Perform one step of the time integration for a single state.

Arguments:

• u: The state vector, shape (C, ..., N,).

Returns:

• u_next: The state vector after one step, shape (C, ..., N,).

Tip

Use this call method together with exponax.rollout to efficiently produce temporal trajectories.

Info

For batched operation, use jax.vmap on this function.

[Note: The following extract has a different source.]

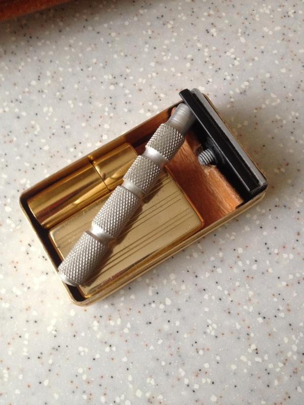 Re: Футляр для Т-станковВот отцовский несессер 60-х годов. Станок не родной - у родного ручка пополам развинчивалась и он замечательно укладывался поверх коробочки для лезвий. Маленький контейнер - для кровоостанавливающего карандаша. По-моему очень грамотная организация пространства в футляре для станка. Две больших типа тубы - для помазка и для мыла-стика. Насчет мыла сообразил только недавно, когда приобрел арко в стике.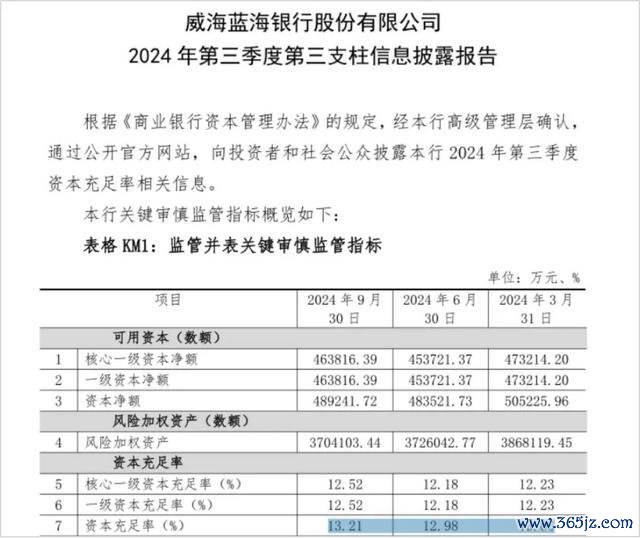 如此大的分红比例,是否合理?从资本充足率指标来看,2024年三季度蓝海银行的资本充足率仅有13.21%,略高于2024年三季度民营银行资本充足率12.18%,但是低于股份制商业银行的13.80%。

Source code in exponax/_base_stepper.py

def __call__(
    self,
    u: Float[Array, "C ... N"],
) -> Float[Array, "C ... N"]:
    """
    Perform one step of the time integration for a single state.

    **Arguments:**

    - `u`: The state vector, shape `(C, ..., N,)`.

    **Returns:**

    - `u_next`: The state vector after one step, shape `(C, ..., N,)`.

    !!! tip
        Use this call method together with `exponax.rollout` to efficiently
        produce temporal trajectories.

    !!! info
        For batched operation, use `jax.vmap` on this function.
    """
    expected_shape = (self.num_channels,) + spatial_shape(
        self.num_spatial_dims, self.num_points
    )
    if u.shape != expected_shape:
        raise ValueError(
            f"Expected shape {expected_shape}, got {u.shape}. For batched operation use `jax.vmap` on this function."
        )
    return self.step(u)